:: EXTRACTED RECORDS ::
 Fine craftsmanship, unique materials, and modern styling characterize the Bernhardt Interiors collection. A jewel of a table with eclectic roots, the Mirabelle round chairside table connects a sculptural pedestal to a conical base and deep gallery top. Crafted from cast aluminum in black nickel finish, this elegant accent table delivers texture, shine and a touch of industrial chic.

--

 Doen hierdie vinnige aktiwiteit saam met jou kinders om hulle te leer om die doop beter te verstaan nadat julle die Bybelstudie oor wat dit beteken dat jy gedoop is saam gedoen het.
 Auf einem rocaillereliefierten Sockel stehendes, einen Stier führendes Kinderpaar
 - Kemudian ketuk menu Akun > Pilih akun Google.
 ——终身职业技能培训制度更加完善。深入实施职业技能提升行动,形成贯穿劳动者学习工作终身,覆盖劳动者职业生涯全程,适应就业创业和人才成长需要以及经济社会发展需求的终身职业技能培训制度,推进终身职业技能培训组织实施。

:: EXERCISE DESCRIPTION ::
Please copy the lines in the records above between the one holding "Doen hierdie vinnige" and the one holding "- Kemudian ketuk", inclusive, exactly and with no other line.

:: ANSWER TO THE EXERCISE ::
 Doen hierdie vinnige aktiwiteit saam met jou kinders om hulle te leer om die doop beter te verstaan nadat julle die Bybelstudie oor wat dit beteken dat jy gedoop is saam gedoen het.
 Auf einem rocaillereliefierten Sockel stehendes, einen Stier führendes Kinderpaar
 - Kemudian ketuk menu Akun > Pilih akun Google.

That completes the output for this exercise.